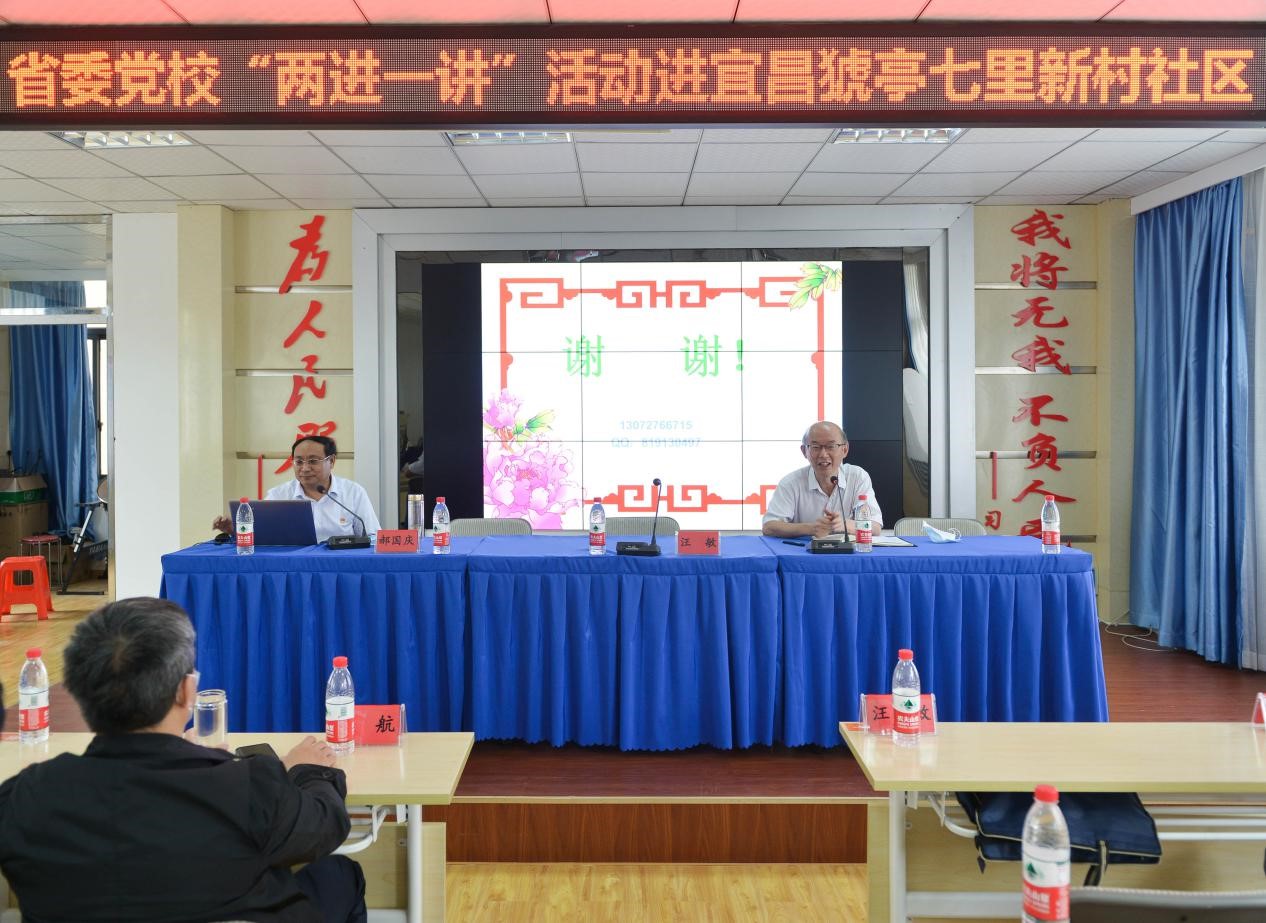 为贯彻落实全省党校(行政学院)校(院)长会议精神,6月19日上午,省委党校教务处、公管教研部与校院工作指导处相关同志赴宜昌市猇亭七里新村社区开展“两进一讲”示范课活动(教师进社区、进农村讲党课)。七里新村社区党员、市委党校常务副校长王大发,副校长汪敏、阮卫红及县(市、区)党校常务副校长、教师代表共80余人参加。
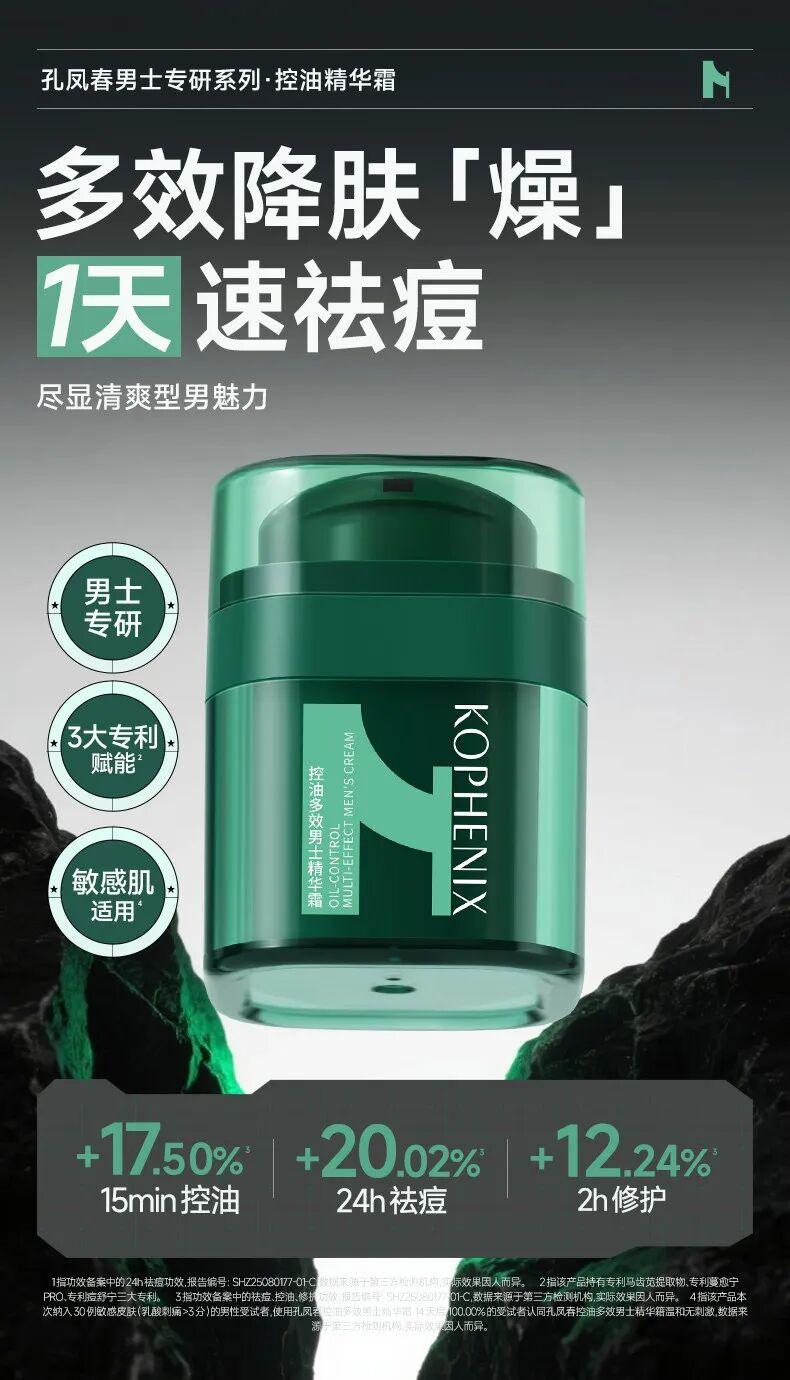 孔凤春这款男士精华霜定位油痘肌核心护理诉求,主打无酸温和调理与精简多效护肤。
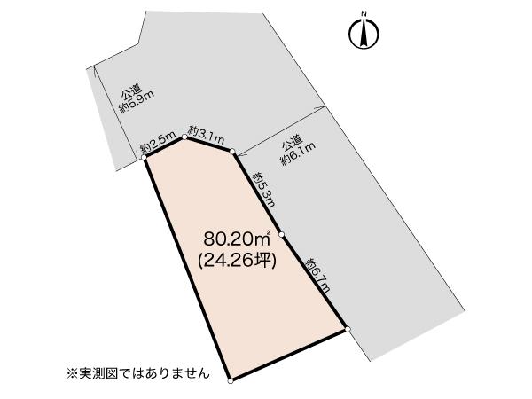 | 建ぺい率・容積率 | 60%・100% | 私道負担・道路 | 無、北東6.1m幅(接道幅12m)、北西5.9m幅(接道幅5.6m) | ||

*****

* **WORK TO BE COMPLETED**
Give back the material above exactly, without pictures.

* **EXERCISE SOLUTION**
 为贯彻落实全省党校(行政学院)校(院)长会议精神,6月19日上午,省委党校教务处、公管教研部与校院工作指导处相关同志赴宜昌市猇亭七里新村社区开展“两进一讲”示范课活动(教师进社区、进农村讲党课)。七里新村社区党员、市委党校常务副校长王大发,副校长汪敏、阮卫红及县(市、区)党校常务副校长、教师代表共80余人参加。
 孔凤春这款男士精华霜定位油痘肌核心护理诉求,主打无酸温和调理与精简多效护肤。
 | 建ぺい率・容積率 | 60%・100% | 私道負担・道路 | 無、北東6.1m幅(接道幅12m)、北西5.9m幅(接道幅5.6m) | ||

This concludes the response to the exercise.